All cases of ALL diagnosed from 1971 to 1990 in children aged 0–14 years in England and Wales were eligible for analysis. Data were routinely submitted to the Office for National Statistics (ONS) at intervals throughout that period by the 12 regional cancer registries as part of the national cancer registration scheme for England and Wales.19 Since 1971, registered cancer patients have been flagged in the National Health Service Central Register, a virtually complete national person index. Under this system, the national cancer register is routinely notified of the death or emigration of any patient with cancer; patients with cancer are assumed to be alive unless death details have been recorded.
Information available for each patient included sex, date of birth, date of diagnosis, morphological code, vital status (with date of death recorded if death had occurred), postcode of residence at diagnosis, and cancer registry where the case was recorded. The Manual of Tumour Nomenclature and Coding (MOTNAC)20 and the International Classification of Diseases for Oncology (ICD-O)21 were used to assign a morphological code for each case (MOTNAC, cases diagnosed 1971–78; ICD-O, cases diagnosed 1979–90). Cases were assigned to diagnostic groups according to Birch and Marsden’s classification scheme for childhood neoplasms22 and ALL (subcategory I(a)), and other lymphoid leukaemia (I(b)) were selected for analysis. A total of 602 patients were excluded from the analysis. These included 144 patients (2% of those eligible) for whom the recorded date of diagnosis was the same as the date of death. These patients were considered to have been documented by death certificate only and were excluded from the analysis because a survival time could not be calculated for them. An additional 458 cases (7%) were also excluded because they lacked other data necessary to calculate survival time, were missing other essential data, or were duplicate records. In the end, 5566 (90%) of 6168 eligible cases remained for analysis. Excluded cases were most likely to reside in the North Thames National Health Service (NHS) region (one of nine health service territories covering England and Wales), or to lack a postcode at diagnosis, but were otherwise similar to cases included in the analysis (data not shown).
The Carstairs index was used as a measure of material deprivation.23 The Carstairs index is an areal measure of deprivation estimated at the level of the census enumeration district (ED), each of which includes about 500 people. In each ED, the values for four variables measured in the national census (percentage car ownership, household overcrowding, low social class of head of household*and male unemployment† are standardised to the mean value for all EDs in the UK, and summed to provide a Carstairs score. Five deprivation categories were defined by quintiles of the ranked distribution of Carstairs scores for all EDs in the UK, from the least deprived (or most affluent) 20% of the distribution to the most deprived 20%.‡ Each patient was assigned to a deprivation category by his or her ED, defined by the postcode of residence at diagnosis. Data from the 1981 census were used to assign the deprivation category for patients diagnosed between 1971 and 1985; for patients diagnosed between 1986 and 90, the 1991 census data were used.

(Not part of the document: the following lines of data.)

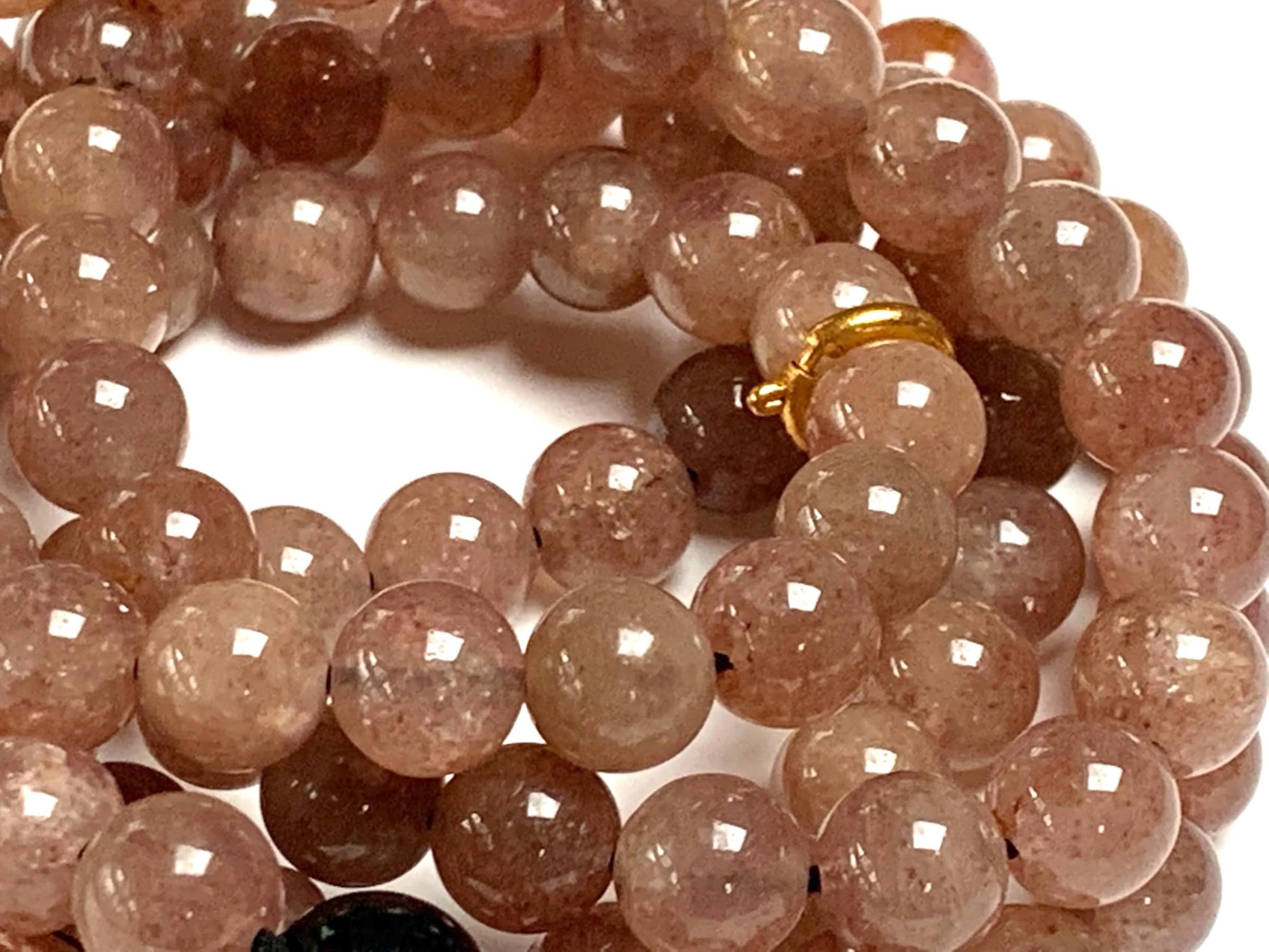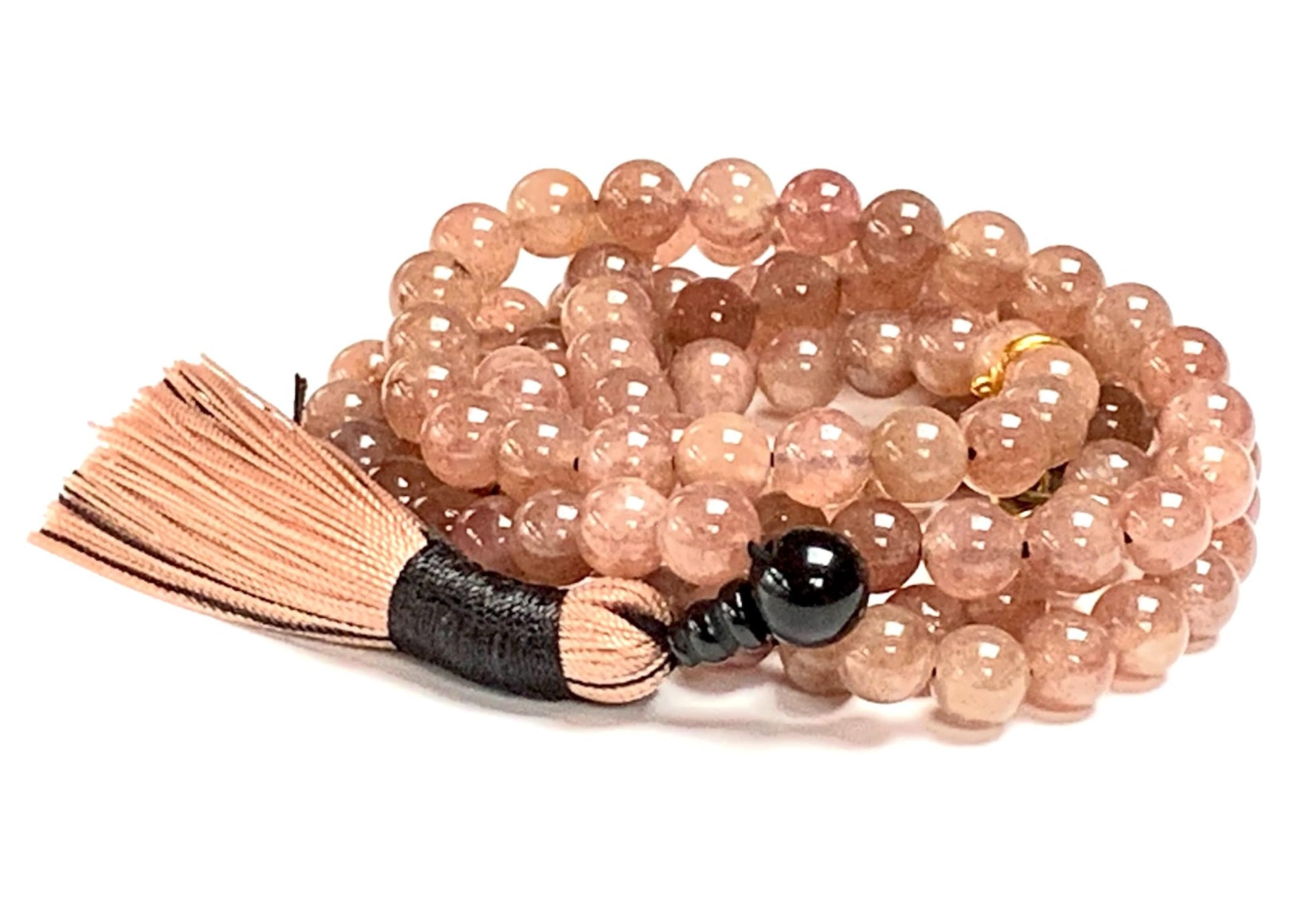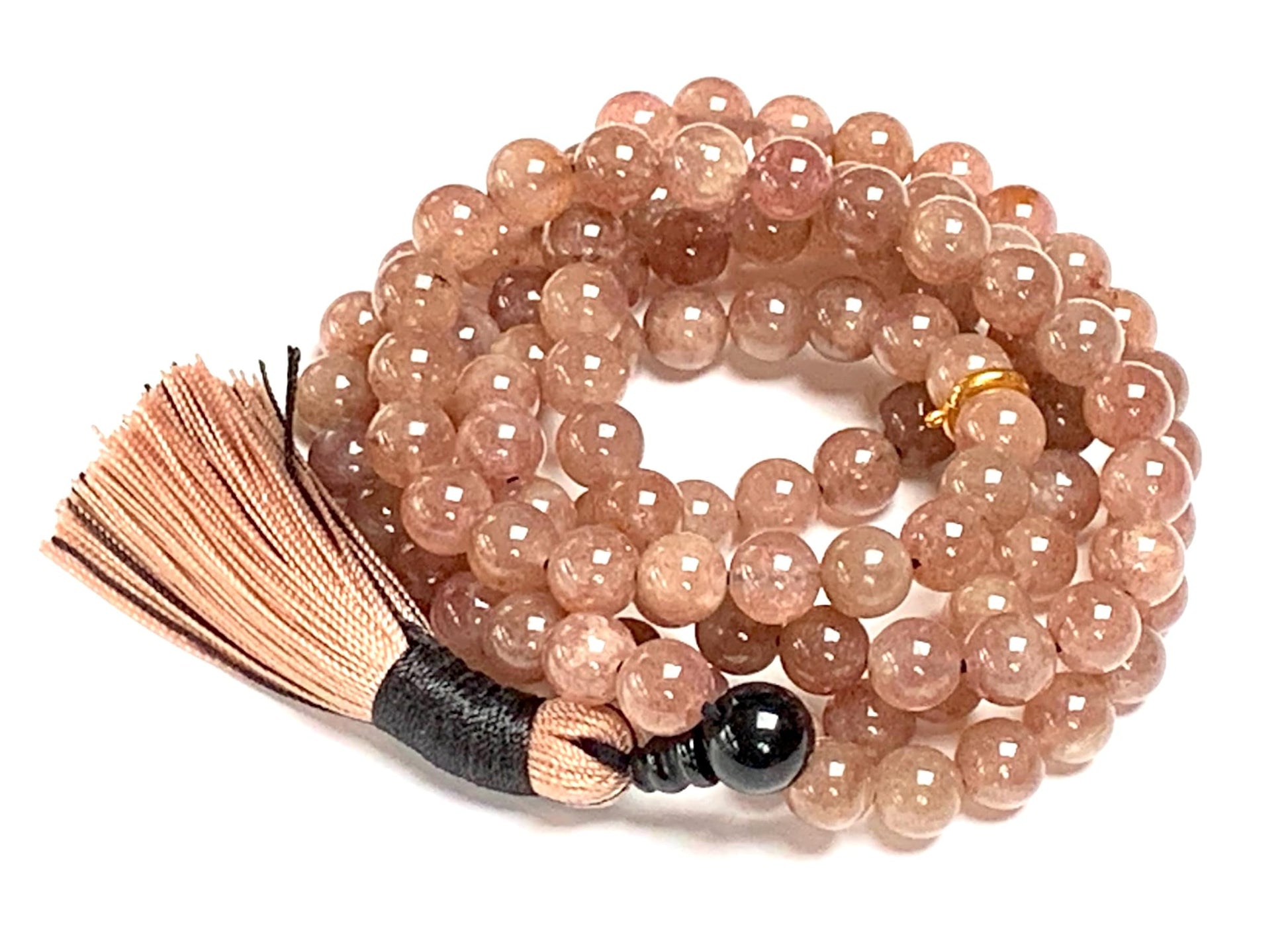 - Elevate your spiritual journey with the Handmade Strawberry Quartz Mala Necklace. This exquisite mala features 108 hand-knotted 8mm Strawberry Quartz beads, each radiating a soft, pink hue that symbolizes love and emotional balance.
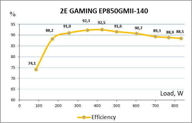 Енергоефективність блока живлення відповідає сертифікації 80 PLUS Gold. При навантаженні на рівні 20%, 50% та 100% від номінальної потужності коефіцієнт корисної дії перевищував необхідні значення — 88%, 92% та 88% відповідно.
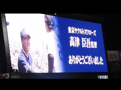 【ありがとう】今季で退任する高津監督に花束を贈呈する藤川監督 場内高津コールが沸き起こる
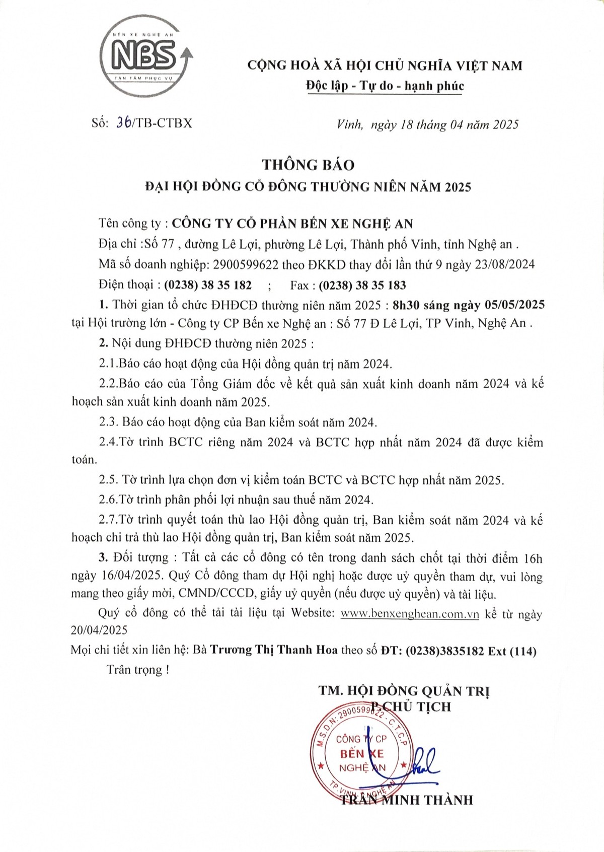 Công ty cổ phần Bến xe Nghệ An (NBS) thông báo chốt danh sách cổ đông tham dự đại hội đồng cổ đông thường niên năm 2025 15/04/2025 07:05
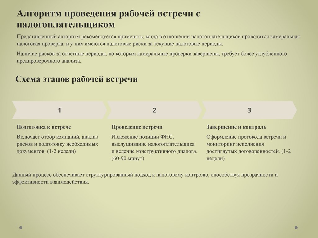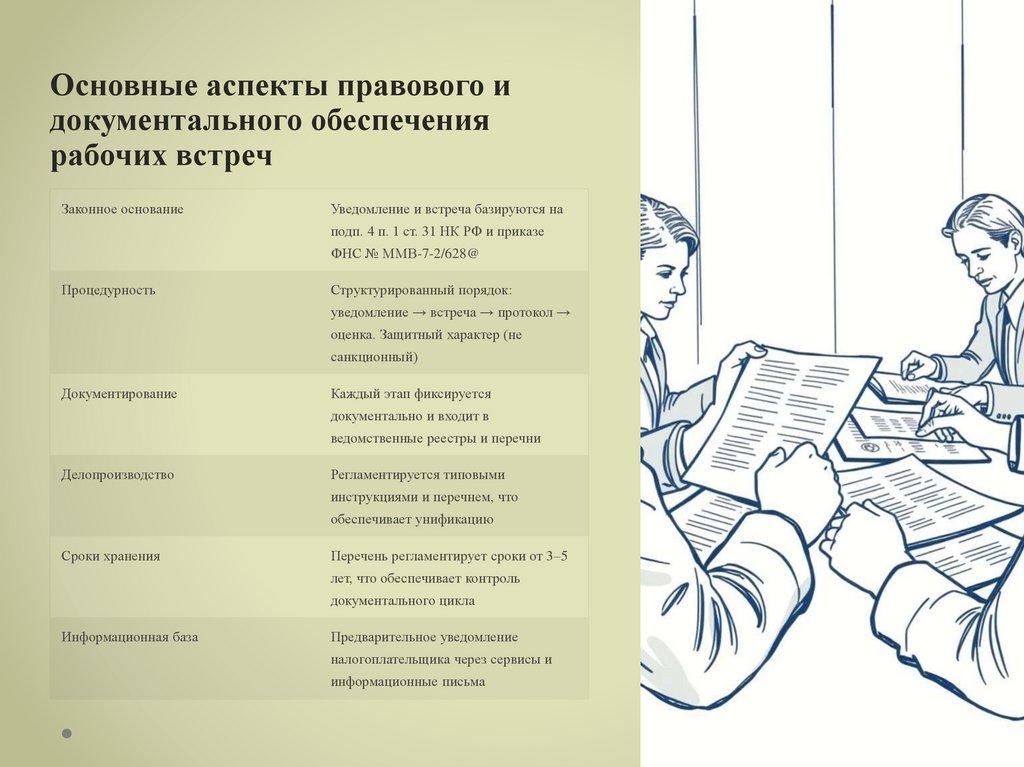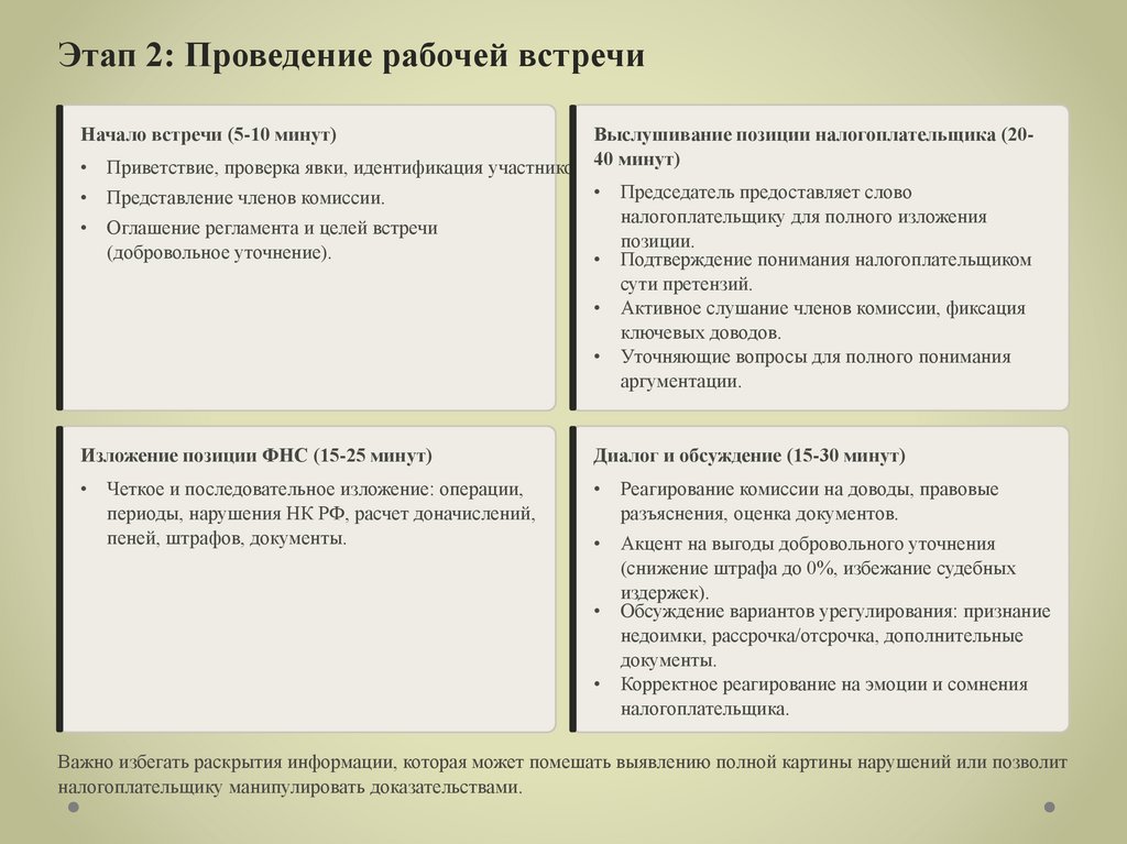 налоговых проверок, в рамках которых часто инициируются рабочие встречи.
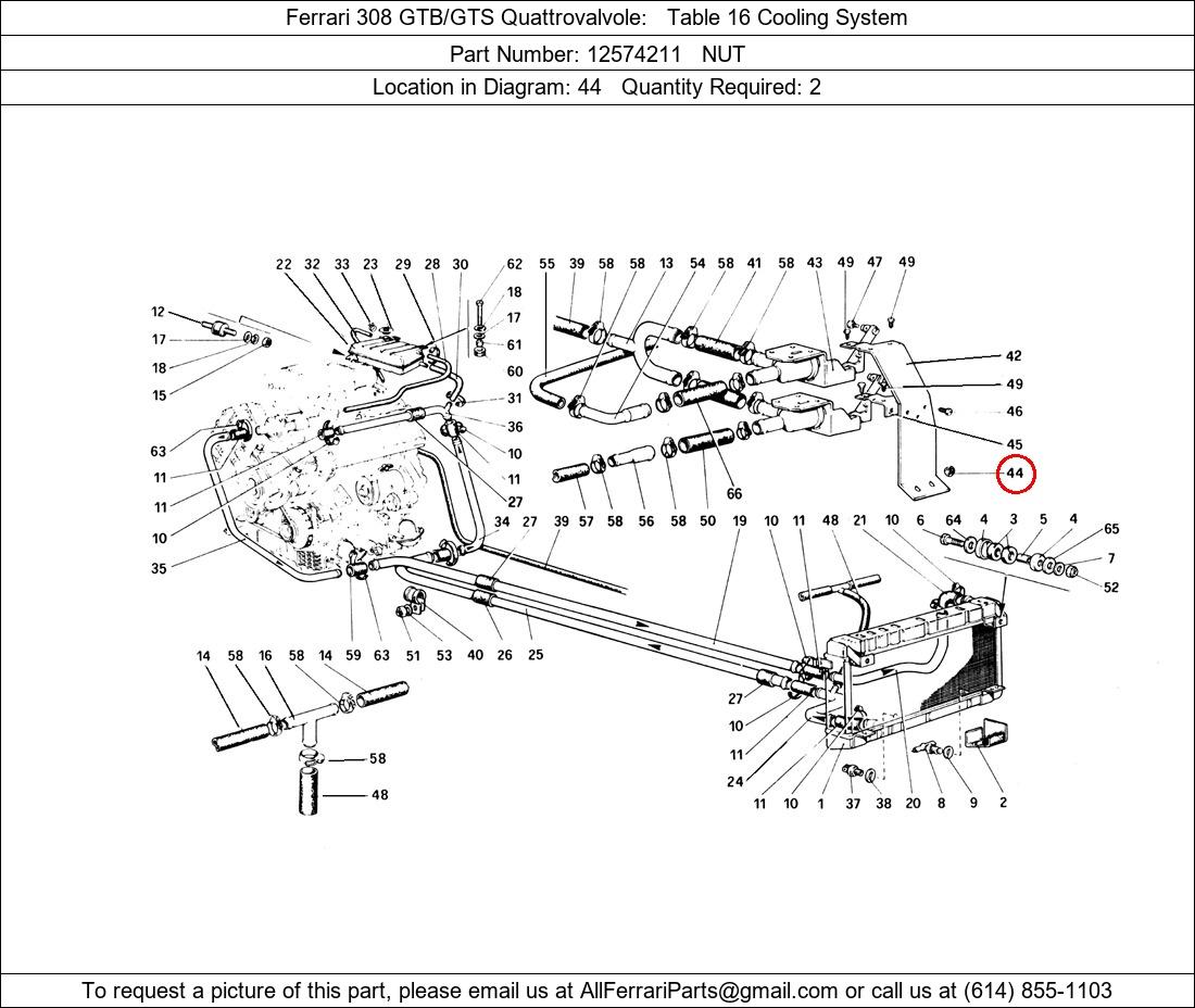 Ferrari Part Number 12574211, NUT shown here as used in Ferrari 308 GTB/GTS Quattrovalvole Table 16 Cooling System. Location in Diagram: 44. Required Quantity: 2. This Ferrari part is used in more than one diagram. Click on the diagrams below to see alternative uses of this part:

For each patient resident in England, their NHS region, as defined at 1 April 1997, was determined by their postcode at the time of diagnosis. Patients with a postcode from Wales were assigned to that region.
Survival time for each case was calculated as the number of days between diagnosis and death, and converted to elapsed years by dividing by 365.25. Patients were censored from the analysis at emigration, or 31 December 1995 (whichever occurred first). Crude survival probability was estimated with the methods described by Kaplan and Meier,24 using STATA software,25 and examined for study subgroups defined by sex, age at diagnosis, five-year calendar period of diagnosis, deprivation category, and NHS region of residence at diagnosis.§ Age at diagnosis was treated as a discrete variable, using categories shown previously to have prognostic importance: under 2, 2–9, and 10–14 years.17 The log rank statistic26 was used to test the significance of differences between study subgroups in overall survival, as well as between estimates of survival at one, five, and 10 years.
Time trends in survival within regions were estimated by linear regression as the percentage change for each five-year period in the mean probability of survival for patients diagnosed in consecutive calendar periods (1971–75, 1976–80, 1981–85, and 1986–90).
To examine the independent effects of material deprivation and socioeconomic status, we used Poisson regression to model the hazard of death associated with deprivation category and with NHS region in the five years after diagnosis, while adjusting for calendar period of diagnosis, sex, and single year of age at diagnosis. Only those patients to whom a deprivation category could be assigned were included in the hazard analyses. Hazards were expressed as ratios to describe the relative hazards associated with particular deprivation categories, or residence in a particular NHS region. The most affluent group was used as the reference category for estimates of the hazard of death associated with deprivation, and the Anglia and Oxford NHS region was used as the reference group for estimates of secular trend in the hazard of death within and between regions. The Anglia and Oxford NHS region was selected as the referent group because the numbers of cases occurring in that region were large enough to permit stable estimates of survival, and case ascertainment and follow up are known to be of high quality in that region.27 28 Proportional hazards were assumed.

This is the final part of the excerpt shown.